▶ _Task requirements_:
Line by line, repeat the data below exactly, beginning at the first line and ending at the line with "410 Chapter 21". Omit pictures.

═════ Dataset extract ═════

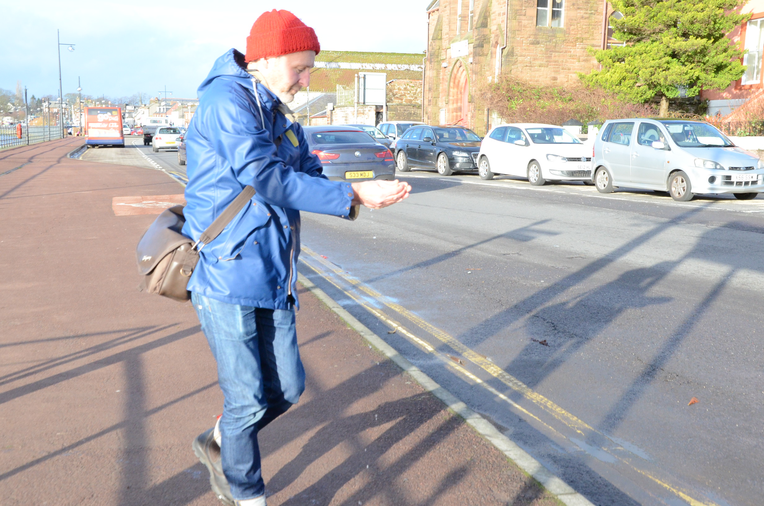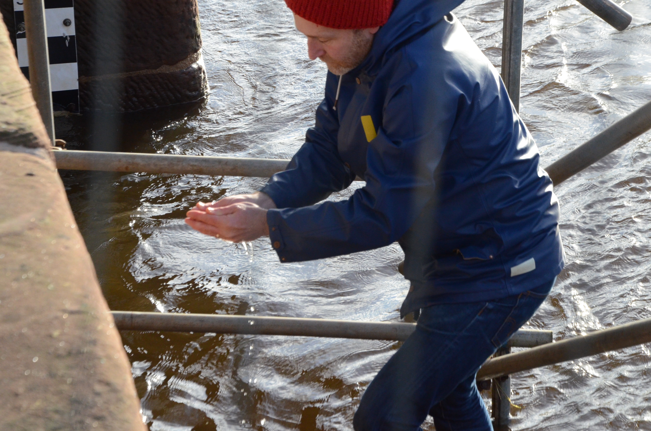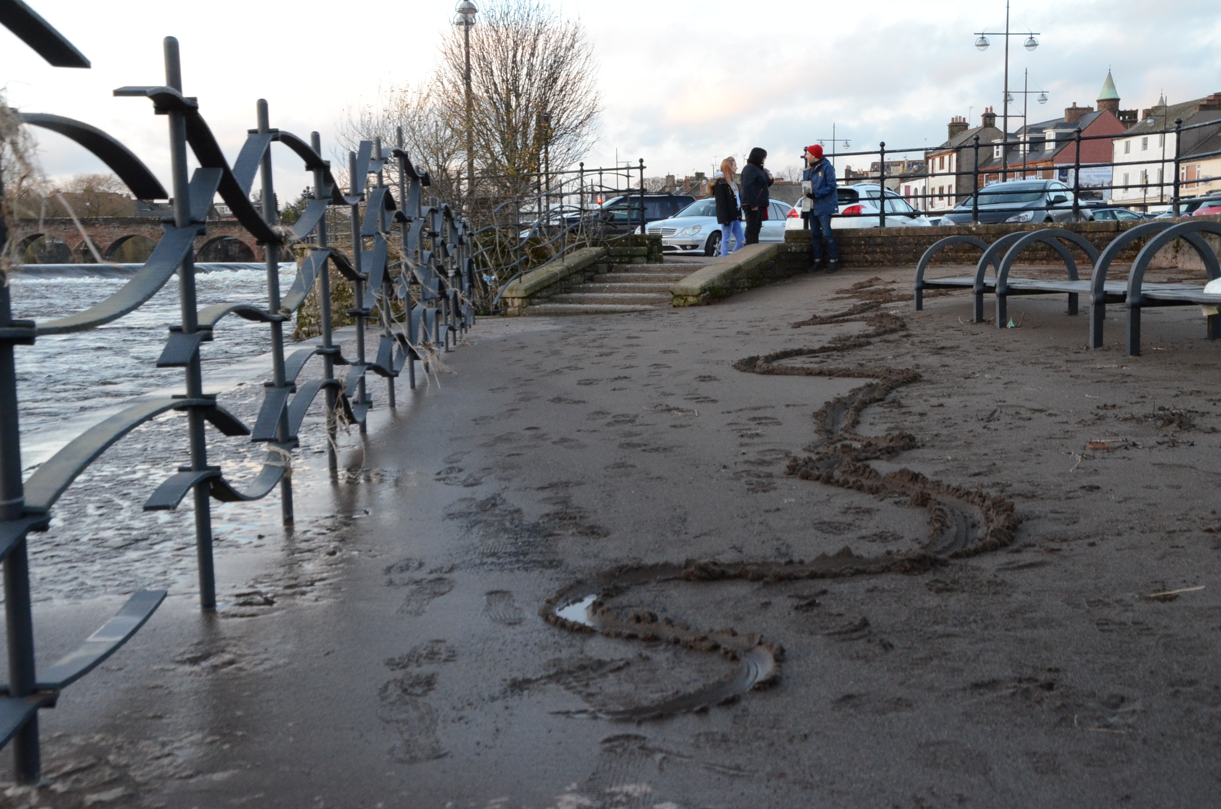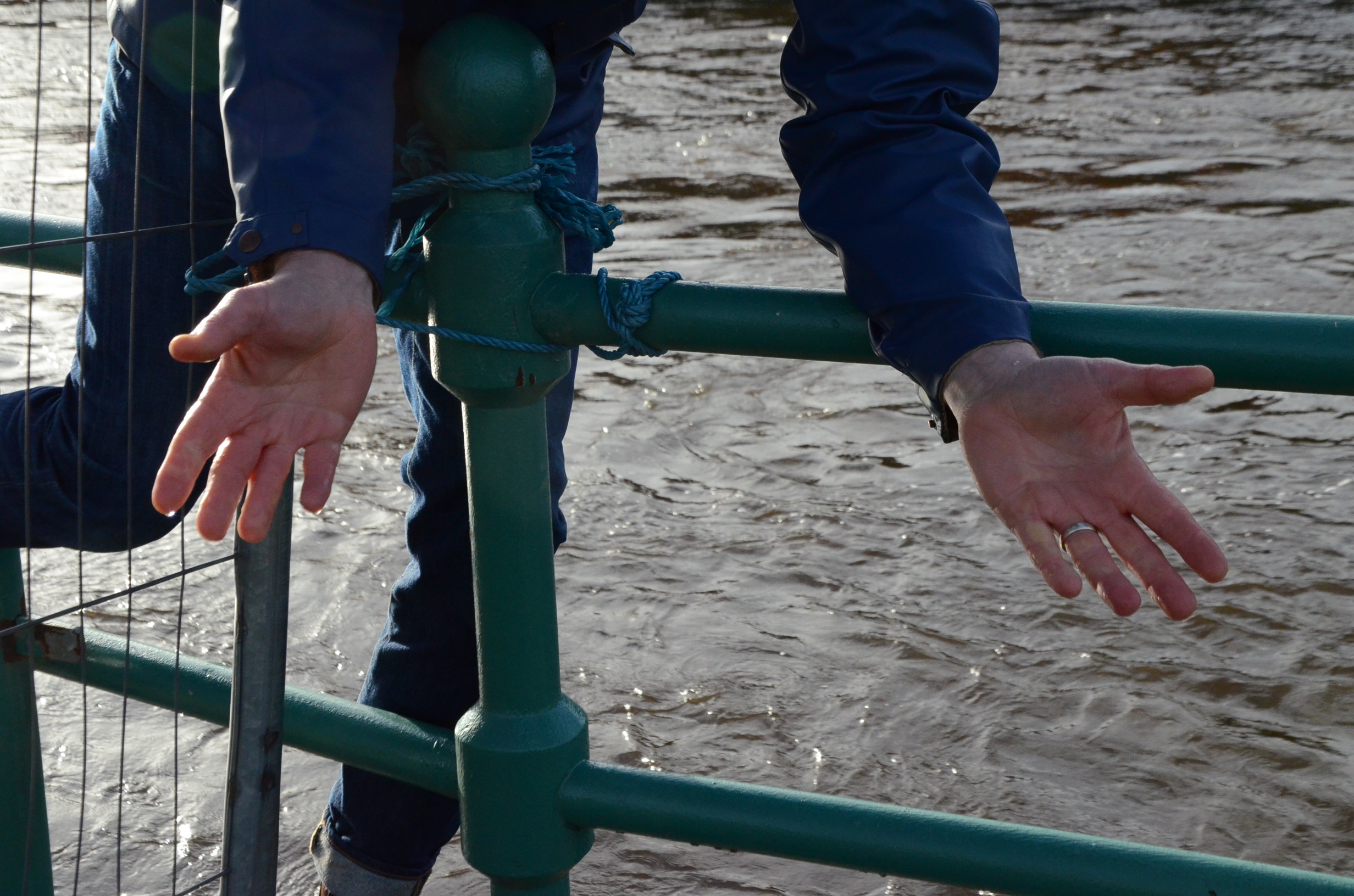 The River Nith in Dumfries town centre is prone to seasonal flooding. The Guddling About: Dumfries micro-performances were intended to invite people to engage with their feelings about the regular incursion of water into the city centre (which has become more frequent in the last decade), and to consider the Nith’s relationship with its wider water catchment area.
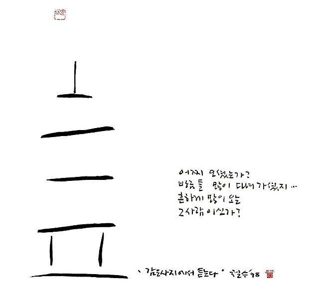 자신의 그림이 동시대를 살아가는 수많은 이들에게 위로가 될 것 같지 않아 아무 얘기나 하지 못하겠고, 선뜻 손이 잘 안 가게 된다는 진정성 어린 고백을 들으면서 '이철수'라는 묵직하고 든든한 버팀목이 동시대를 함께 살고 있어 참 다행이라는 생각을 하게 됩니다.
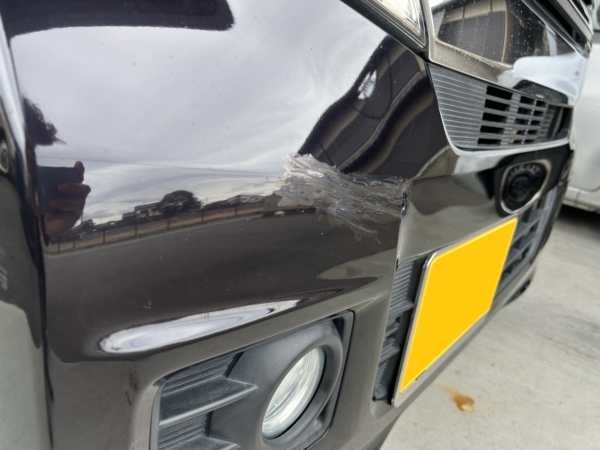 ・・・フロントバンパーがガスッっと削られて帰ってきておりました。
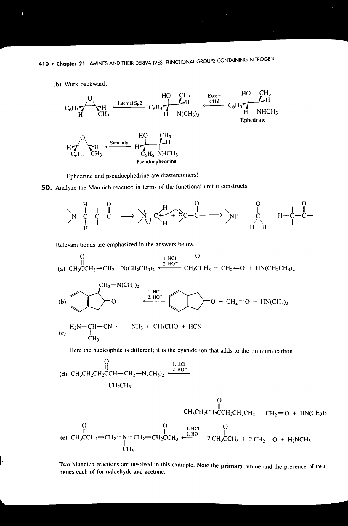 410 Chapter 21 AMINES AND THEIR DERIVATIVES: FUNCTIONAL GROUPS CONTAINING NITROGEN (b) Work backward. 0 CH₃ Excess HO CH₃ Internal SN2 H CH₃I H C₆H₅ H C₆H₅ C₆H₅ H CH₃ H N(CH₃)₃ H NHCH₃ + Ephedrine CH₃ Similarly H H H H C₆H₅ CH₃ C₆H₅ Pseudoephedrine Ephedrine and pseudoephedrine are diastereomers! 50. Analyze the Mannich reaction in terms of the functional unit it constructs. H 0 H + N-C-C-C- N C + C C NH + C + H-C-C- H H H H Relevant bonds are emphasized in the answers below. () 1. HCI 0 2. (a) CH₃CCH₃ + + HN(CH₂CH₃)₂ 1. HCI (b) 0 + + HN(CH₃)₂ H₂N-CH-CN + CH₃CHO + HCN (c) CH₃ Here the nucleophile is it is the cyanide ion that adds to the iminium carbon. () 1. HCI (d) CH₂CH₃ () + + HN(CH₃)₂ () 1. HCI () (e) 2. HO 2 + + CH₃ Two Mannich reactions are involved in this example. Note the primary amine and the presence of two moles each of formaldehyde and acetone.
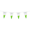 Le matériau est résistant aux intempéries et difficilement inflammable (classification feu B-s1, d0 selon EN 13501-1:2018). Le tissu est lavable, sèche rapidement et peut ainsi être réutilisé en un rien de temps. Des fils de couture résistants à la déchirure et une finition de haute qualité garantissent une excellente durabilité de la guirlande de fanions.
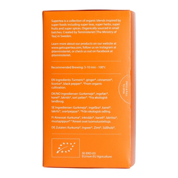 Supertea to seria organicznych herbat i ziół, stworzona przez szwedzką markę Teministeriet. Każde opakowanie zawiera 20 oddzielnych saszetek, w których kryją się torebki z herbatą – biodegradowalne, wykonane z dbałością o środowisko. Mnóstwo naturalnych składników, ogrom smaku i moc aromatu!

═════

▶ _Completed task_:
 The River Nith in Dumfries town centre is prone to seasonal flooding. The Guddling About: Dumfries micro-performances were intended to invite people to engage with their feelings about the regular incursion of water into the city centre (which has become more frequent in the last decade), and to consider the Nith’s relationship with its wider water catchment area.
 자신의 그림이 동시대를 살아가는 수많은 이들에게 위로가 될 것 같지 않아 아무 얘기나 하지 못하겠고, 선뜻 손이 잘 안 가게 된다는 진정성 어린 고백을 들으면서 '이철수'라는 묵직하고 든든한 버팀목이 동시대를 함께 살고 있어 참 다행이라는 생각을 하게 됩니다.
 ・・・フロントバンパーがガスッっと削られて帰ってきておりました。
 410 Chapter 21 AMINES AND THEIR DERIVATIVES: FUNCTIONAL GROUPS CONTAINING NITROGEN (b) Work backward. 0 CH₃ Excess HO CH₃ Internal SN2 H CH₃I H C₆H₅ H C₆H₅ C₆H₅ H CH₃ H N(CH₃)₃ H NHCH₃ + Ephedrine CH₃ Similarly H H H H C₆H₅ CH₃ C₆H₅ Pseudoephedrine Ephedrine and pseudoephedrine are diastereomers! 50. Analyze the Mannich reaction in terms of the functional unit it constructs. H 0 H + N-C-C-C- N C + C C NH + C + H-C-C- H H H H Relevant bonds are emphasized in the answers below. () 1. HCI 0 2. (a) CH₃CCH₃ + + HN(CH₂CH₃)₂ 1. HCI (b) 0 + + HN(CH₃)₂ H₂N-CH-CN + CH₃CHO + HCN (c) CH₃ Here the nucleophile is it is the cyanide ion that adds to the iminium carbon. () 1. HCI (d) CH₂CH₃ () + + HN(CH₃)₂ () 1. HCI () (e) 2. HO 2 + + CH₃ Two Mannich reactions are involved in this example. Note the primary amine and the presence of two moles each of formaldehyde and acetone.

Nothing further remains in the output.